**Working data:**
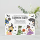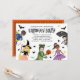 Esta divertida invitación para una fiesta de Halloween presenta 5 niños dibujados a mano con disfraces (un superhéroe, bruja, dinosaurio, princesa bailarina y tiburón). Otros pequeños acentos incluyen murciélagos, estrellas, dulces, arañas y una pequeña calabaza. La parte trasera de la tarjeta contiene un patrón de puntos sobre un fondo naranja. Para solicitudes de diseño personalizado o productos, por favor contáctame (Tracey) en orabellaprints@outlook.com.
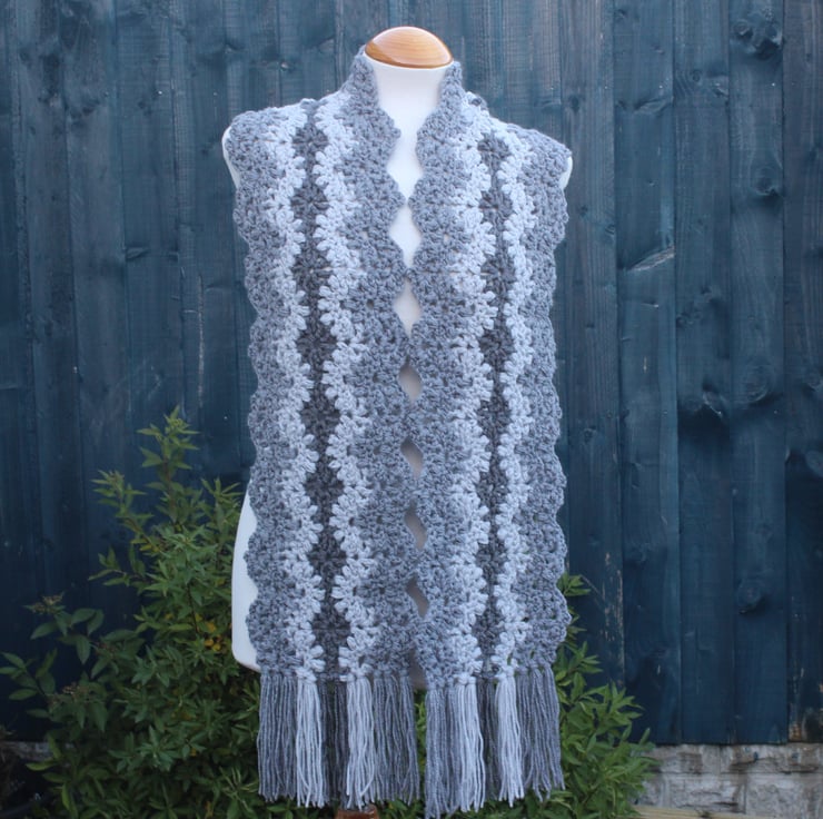 A stunning stitch pattern elevates any scarf to a one-of-a-kind accessory! This scarf features a beautifully textured lace stitch, crocheted in a wavy design that exudes elegance in three shades of grey acrylic yarn. Its generous length allows for a relaxed, stylish wrap around your neck, offering endless possibilities for tying and styling. Embrace the versatility and charm that this scarf brings to your wardrobe!
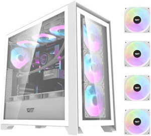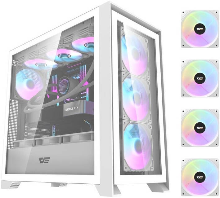 DarkFlash DRX90 Glass ATX Computer Case, 360mm Radiator Support, Up to 10x 120mm Fan Support, Cable Grommet, Magnetic Quick Release Front Panel, Tempered Glass Material, White
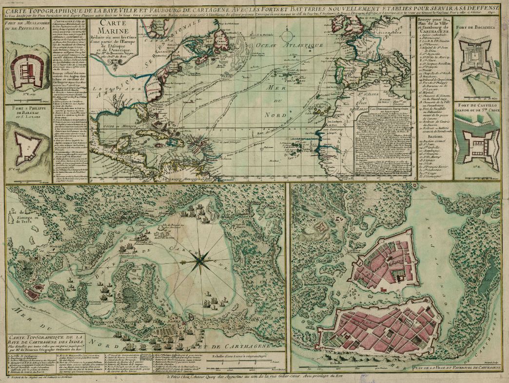 The walls, whose cost to the crown was widely commented, still exist for the most part, as well as some forts around, as the San Felipe de Barajas Castle. The two main islands are today united, and the colonial architecture can still be seen, mixed with more recent elements. When you compare the old map with the current image, please note that the former represents the west in the lower part of the image.
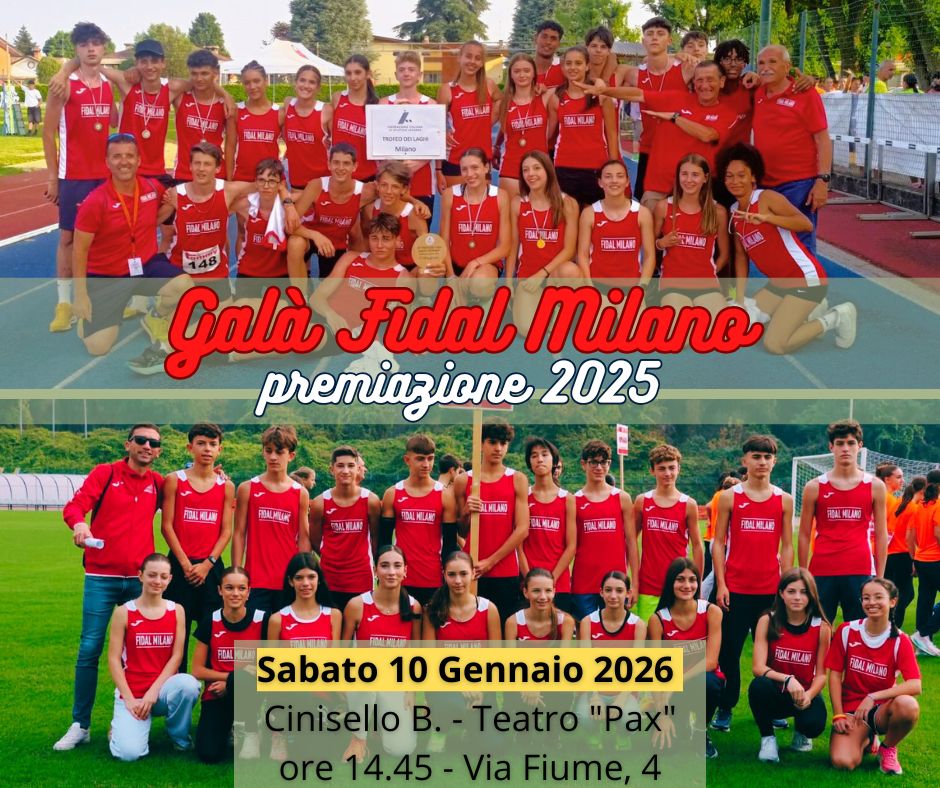 Sabato 10 gennaio 2026 si svolgerà il Galà di fine stagione, la grande festa dell'atletica giovanile milanese, l'ideale passaggio di testimone tra la stagione su pista 2025 e quella del nuovo anno.

**Description of the task:** Would you please reproduce verbatim the run of lines that opens the listing and ends with the line holding "DarkFlash DRX90 Glass", and only that run, leaving every picture out?

**Task result:**
 Esta divertida invitación para una fiesta de Halloween presenta 5 niños dibujados a mano con disfraces (un superhéroe, bruja, dinosaurio, princesa bailarina y tiburón). Otros pequeños acentos incluyen murciélagos, estrellas, dulces, arañas y una pequeña calabaza. La parte trasera de la tarjeta contiene un patrón de puntos sobre un fondo naranja. Para solicitudes de diseño personalizado o productos, por favor contáctame (Tracey) en orabellaprints@outlook.com.
 A stunning stitch pattern elevates any scarf to a one-of-a-kind accessory! This scarf features a beautifully textured lace stitch, crocheted in a wavy design that exudes elegance in three shades of grey acrylic yarn. Its generous length allows for a relaxed, stylish wrap around your neck, offering endless possibilities for tying and styling. Embrace the versatility and charm that this scarf brings to your wardrobe!
 DarkFlash DRX90 Glass ATX Computer Case, 360mm Radiator Support, Up to 10x 120mm Fan Support, Cable Grommet, Magnetic Quick Release Front Panel, Tempered Glass Material, White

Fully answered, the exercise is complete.